Information given:
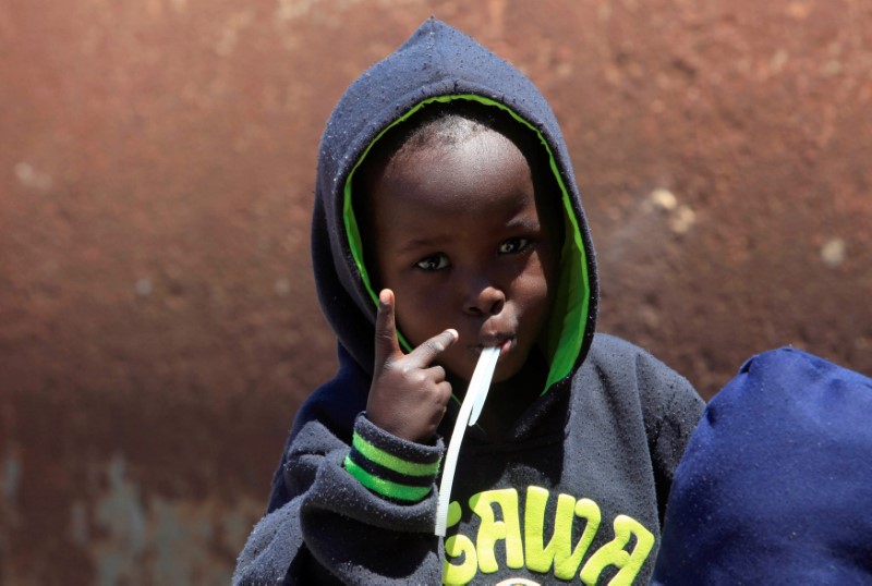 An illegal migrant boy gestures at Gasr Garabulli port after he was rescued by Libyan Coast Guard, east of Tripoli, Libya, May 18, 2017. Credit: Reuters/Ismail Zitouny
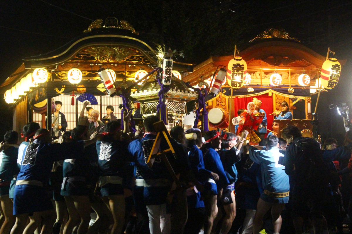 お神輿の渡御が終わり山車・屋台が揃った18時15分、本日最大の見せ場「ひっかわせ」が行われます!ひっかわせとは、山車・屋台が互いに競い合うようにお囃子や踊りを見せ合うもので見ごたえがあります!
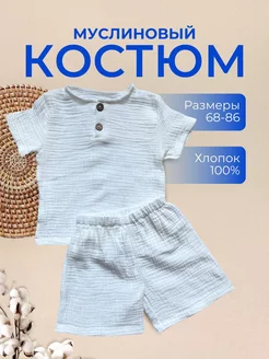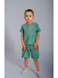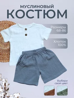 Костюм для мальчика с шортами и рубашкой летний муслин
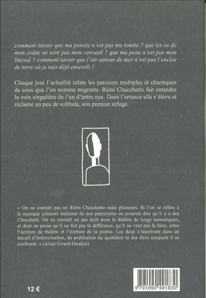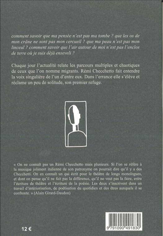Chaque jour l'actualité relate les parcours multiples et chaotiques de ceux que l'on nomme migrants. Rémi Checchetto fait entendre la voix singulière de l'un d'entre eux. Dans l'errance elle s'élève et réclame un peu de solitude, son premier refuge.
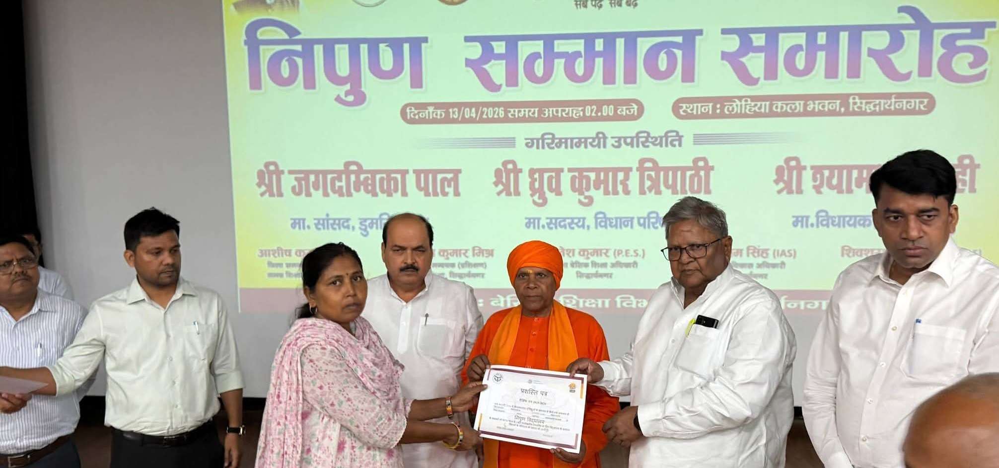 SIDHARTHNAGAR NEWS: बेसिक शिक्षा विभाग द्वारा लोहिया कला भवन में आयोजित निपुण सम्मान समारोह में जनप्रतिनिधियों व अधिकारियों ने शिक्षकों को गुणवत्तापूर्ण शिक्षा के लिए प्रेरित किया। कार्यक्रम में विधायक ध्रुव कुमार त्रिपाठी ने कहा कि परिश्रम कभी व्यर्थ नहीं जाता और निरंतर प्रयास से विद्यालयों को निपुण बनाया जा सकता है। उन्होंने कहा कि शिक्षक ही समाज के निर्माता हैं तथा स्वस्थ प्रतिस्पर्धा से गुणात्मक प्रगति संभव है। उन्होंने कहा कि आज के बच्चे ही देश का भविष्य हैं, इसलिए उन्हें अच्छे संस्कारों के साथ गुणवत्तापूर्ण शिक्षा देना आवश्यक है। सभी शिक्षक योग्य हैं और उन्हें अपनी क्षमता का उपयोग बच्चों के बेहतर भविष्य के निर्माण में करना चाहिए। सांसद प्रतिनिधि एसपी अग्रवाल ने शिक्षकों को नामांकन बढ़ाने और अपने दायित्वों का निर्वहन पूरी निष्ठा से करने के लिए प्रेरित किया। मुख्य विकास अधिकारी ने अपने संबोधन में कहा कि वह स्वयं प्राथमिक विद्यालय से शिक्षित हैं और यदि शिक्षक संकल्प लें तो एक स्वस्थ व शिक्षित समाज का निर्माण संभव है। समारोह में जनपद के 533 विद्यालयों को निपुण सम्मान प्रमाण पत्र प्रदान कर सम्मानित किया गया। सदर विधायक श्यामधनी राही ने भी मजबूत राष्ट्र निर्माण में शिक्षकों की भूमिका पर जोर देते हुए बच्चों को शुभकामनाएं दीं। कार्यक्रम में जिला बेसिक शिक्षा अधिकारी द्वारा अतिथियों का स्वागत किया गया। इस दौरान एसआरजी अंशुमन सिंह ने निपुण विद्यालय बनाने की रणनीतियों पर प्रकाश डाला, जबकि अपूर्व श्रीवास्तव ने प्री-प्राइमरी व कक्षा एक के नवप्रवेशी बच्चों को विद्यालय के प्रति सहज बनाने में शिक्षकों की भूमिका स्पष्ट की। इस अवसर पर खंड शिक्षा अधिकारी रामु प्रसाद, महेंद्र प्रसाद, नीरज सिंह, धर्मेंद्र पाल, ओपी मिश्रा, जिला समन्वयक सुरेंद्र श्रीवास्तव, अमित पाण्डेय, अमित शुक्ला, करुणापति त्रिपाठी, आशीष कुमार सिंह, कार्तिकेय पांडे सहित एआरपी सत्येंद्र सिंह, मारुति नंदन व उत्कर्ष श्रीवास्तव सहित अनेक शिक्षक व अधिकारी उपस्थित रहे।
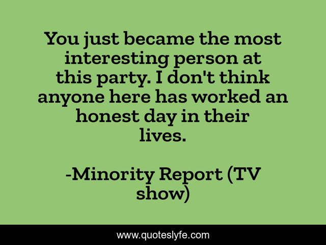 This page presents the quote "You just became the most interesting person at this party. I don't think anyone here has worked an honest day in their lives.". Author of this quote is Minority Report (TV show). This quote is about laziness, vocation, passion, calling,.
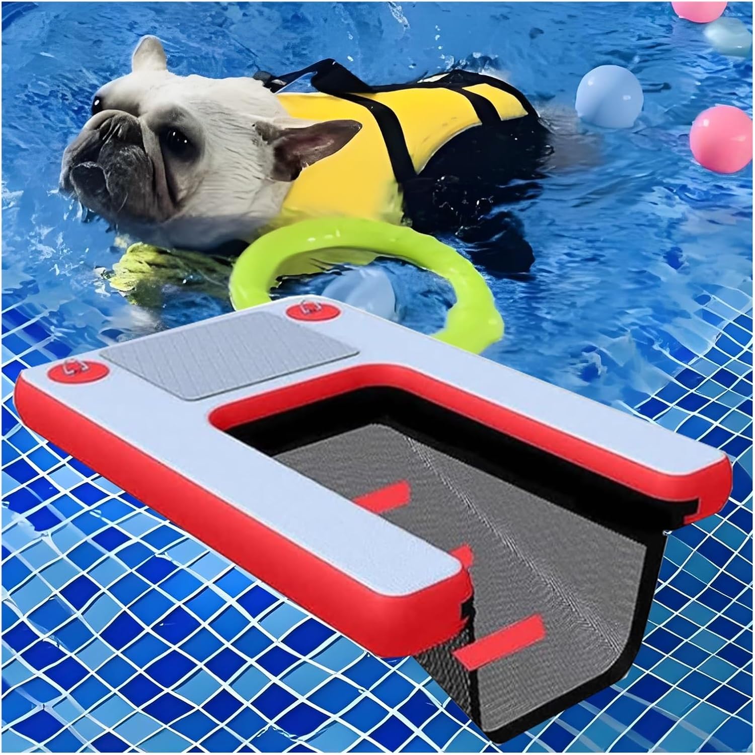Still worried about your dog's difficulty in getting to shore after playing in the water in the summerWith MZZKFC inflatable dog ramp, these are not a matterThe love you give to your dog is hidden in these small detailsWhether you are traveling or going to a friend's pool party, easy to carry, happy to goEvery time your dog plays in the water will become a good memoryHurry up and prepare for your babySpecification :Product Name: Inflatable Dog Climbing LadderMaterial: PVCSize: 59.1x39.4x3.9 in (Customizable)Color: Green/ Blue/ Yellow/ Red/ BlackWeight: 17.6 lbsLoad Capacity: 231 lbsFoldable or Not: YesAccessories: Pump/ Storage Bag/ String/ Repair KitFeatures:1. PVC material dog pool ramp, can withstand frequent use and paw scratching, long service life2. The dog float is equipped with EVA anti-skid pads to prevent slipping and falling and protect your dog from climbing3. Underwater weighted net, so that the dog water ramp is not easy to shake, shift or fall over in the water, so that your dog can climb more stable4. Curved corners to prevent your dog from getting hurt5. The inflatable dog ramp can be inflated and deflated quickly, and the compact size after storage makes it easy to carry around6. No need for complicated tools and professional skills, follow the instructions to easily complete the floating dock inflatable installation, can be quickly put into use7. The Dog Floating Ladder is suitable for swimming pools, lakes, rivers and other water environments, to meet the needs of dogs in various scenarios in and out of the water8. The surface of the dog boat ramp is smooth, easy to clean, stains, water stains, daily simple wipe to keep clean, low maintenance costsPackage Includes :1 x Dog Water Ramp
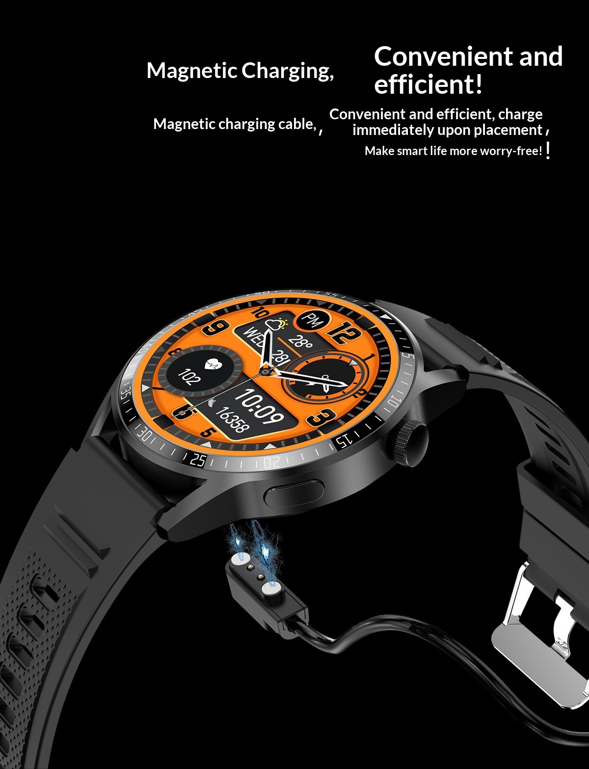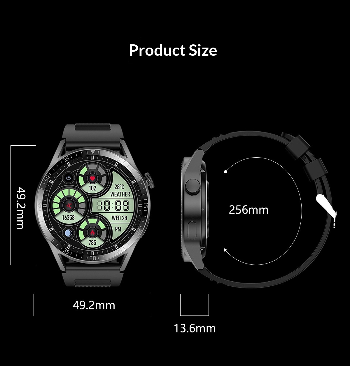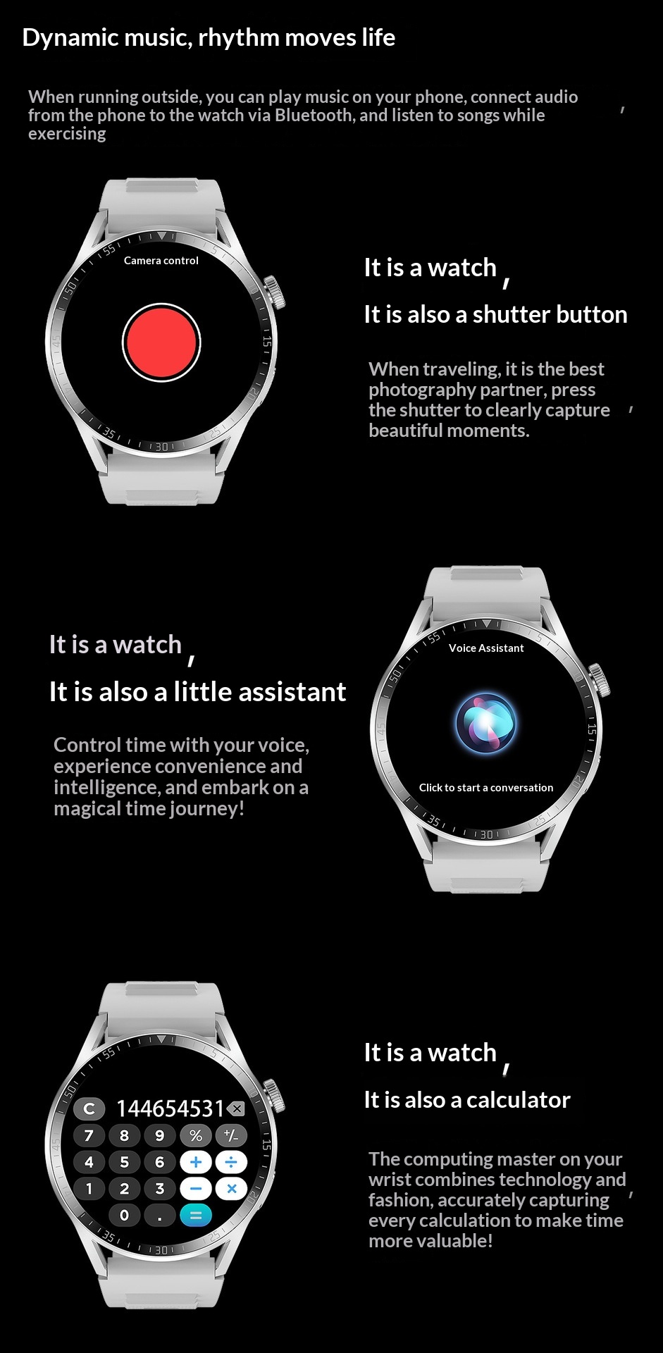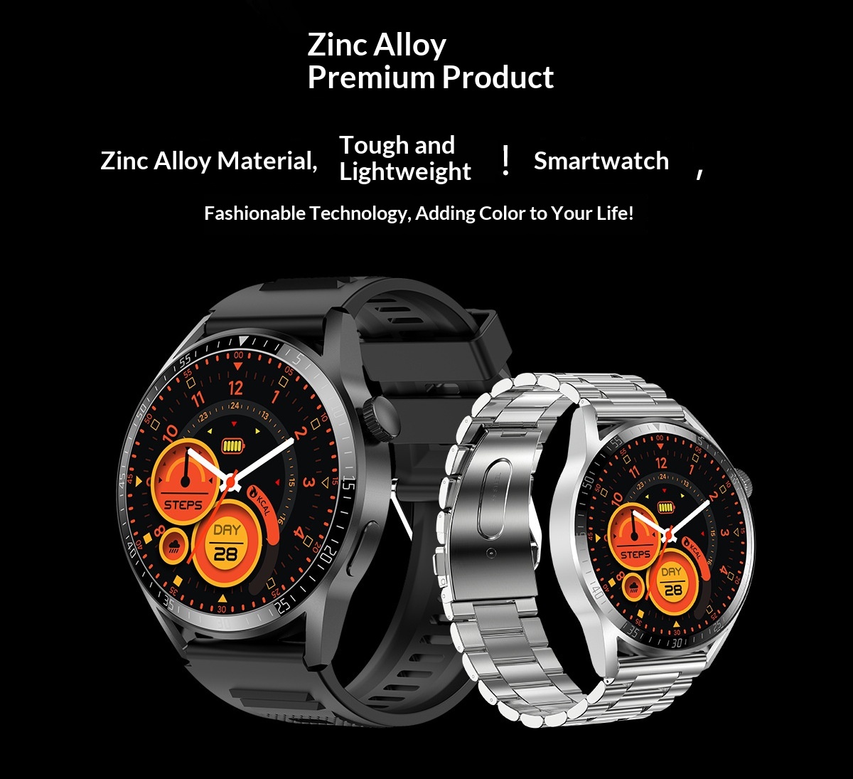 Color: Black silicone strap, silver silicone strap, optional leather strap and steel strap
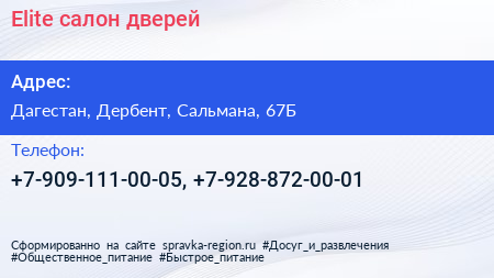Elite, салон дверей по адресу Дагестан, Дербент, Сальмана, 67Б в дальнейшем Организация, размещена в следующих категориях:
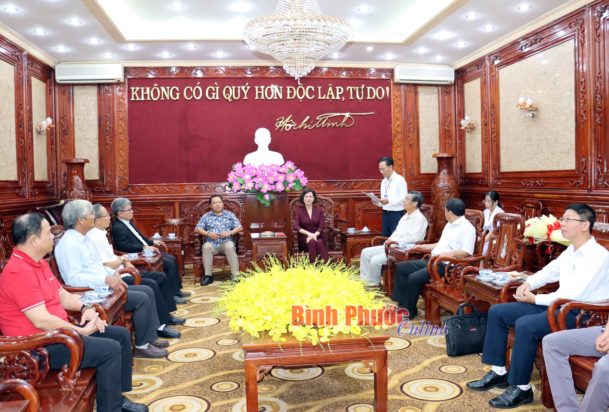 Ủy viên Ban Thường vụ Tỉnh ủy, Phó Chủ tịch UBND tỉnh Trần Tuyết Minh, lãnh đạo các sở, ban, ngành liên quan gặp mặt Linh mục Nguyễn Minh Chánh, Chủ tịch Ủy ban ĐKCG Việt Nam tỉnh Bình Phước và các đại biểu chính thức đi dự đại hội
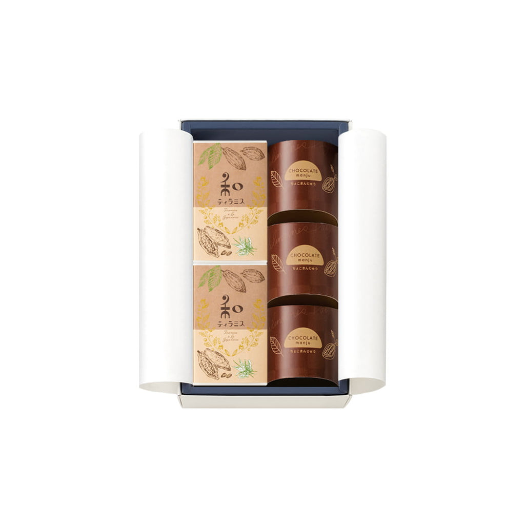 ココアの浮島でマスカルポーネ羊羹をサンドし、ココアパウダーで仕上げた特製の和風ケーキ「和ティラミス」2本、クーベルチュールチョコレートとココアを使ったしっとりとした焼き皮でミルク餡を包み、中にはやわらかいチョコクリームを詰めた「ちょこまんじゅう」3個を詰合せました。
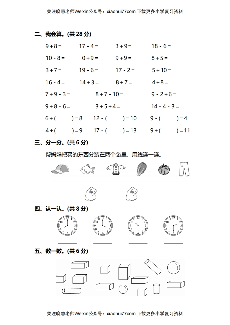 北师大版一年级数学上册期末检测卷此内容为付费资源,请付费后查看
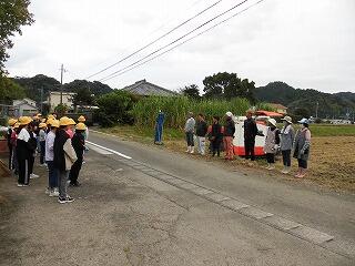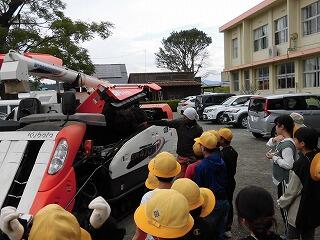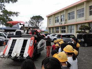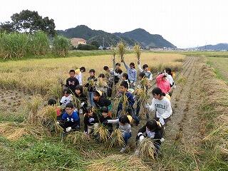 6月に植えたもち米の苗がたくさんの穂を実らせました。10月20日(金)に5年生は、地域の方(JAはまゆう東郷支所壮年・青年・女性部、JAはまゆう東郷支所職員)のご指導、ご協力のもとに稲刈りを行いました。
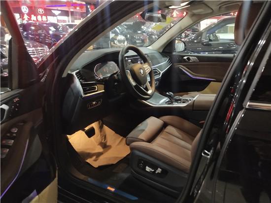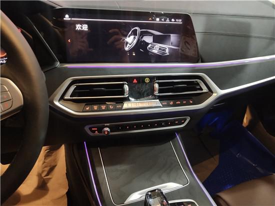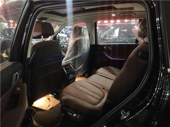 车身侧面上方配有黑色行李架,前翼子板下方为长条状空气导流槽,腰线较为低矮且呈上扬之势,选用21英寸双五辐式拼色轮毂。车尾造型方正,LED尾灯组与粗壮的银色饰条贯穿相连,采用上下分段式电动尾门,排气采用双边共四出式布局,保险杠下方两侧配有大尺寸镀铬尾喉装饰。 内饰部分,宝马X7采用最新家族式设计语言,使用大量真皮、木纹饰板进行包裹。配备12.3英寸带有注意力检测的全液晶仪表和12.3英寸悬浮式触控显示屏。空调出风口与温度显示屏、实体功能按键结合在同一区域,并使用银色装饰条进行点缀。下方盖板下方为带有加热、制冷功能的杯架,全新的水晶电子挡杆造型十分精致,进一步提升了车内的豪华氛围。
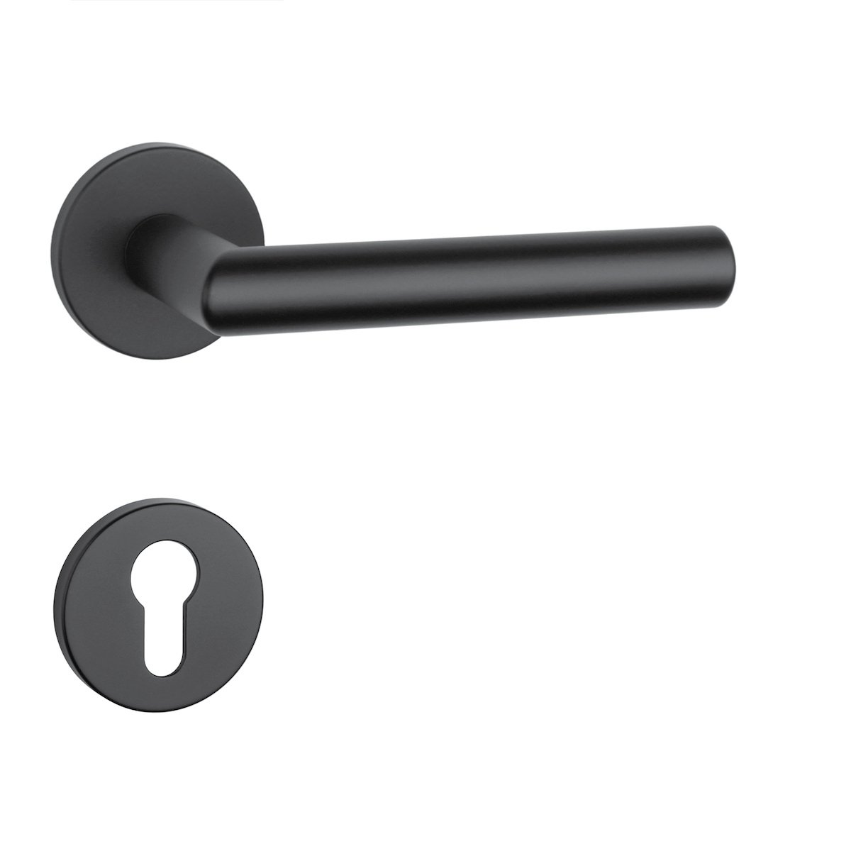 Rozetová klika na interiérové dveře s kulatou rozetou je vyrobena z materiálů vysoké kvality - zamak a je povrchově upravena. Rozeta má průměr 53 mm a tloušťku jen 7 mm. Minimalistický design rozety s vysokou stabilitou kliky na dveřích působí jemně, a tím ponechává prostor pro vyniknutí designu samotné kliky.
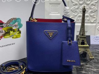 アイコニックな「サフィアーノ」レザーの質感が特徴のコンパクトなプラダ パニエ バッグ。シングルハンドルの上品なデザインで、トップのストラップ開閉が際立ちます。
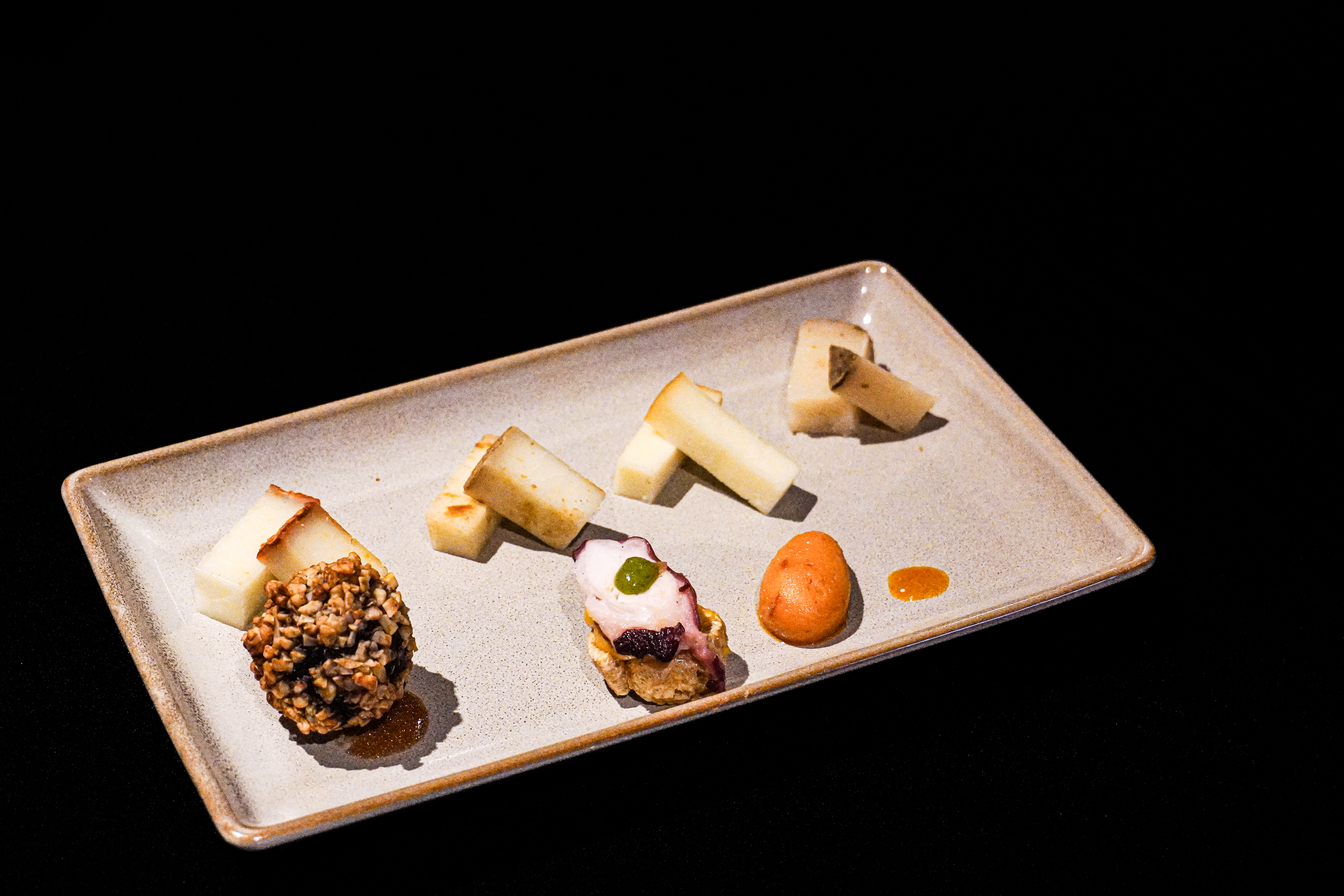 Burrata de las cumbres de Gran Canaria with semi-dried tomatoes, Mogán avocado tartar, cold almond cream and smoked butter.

Activity: Leaving all pictures out, output exactly the lines of the material above from the line with "Костюм для мальчика" to the line with "Chaque jour l'actualité", both included.

Task answer:
 Костюм для мальчика с шортами и рубашкой летний муслин
Chaque jour l'actualité relate les parcours multiples et chaotiques de ceux que l'on nomme migrants. Rémi Checchetto fait entendre la voix singulière de l'un d'entre eux. Dans l'errance elle s'élève et réclame un peu de solitude, son premier refuge.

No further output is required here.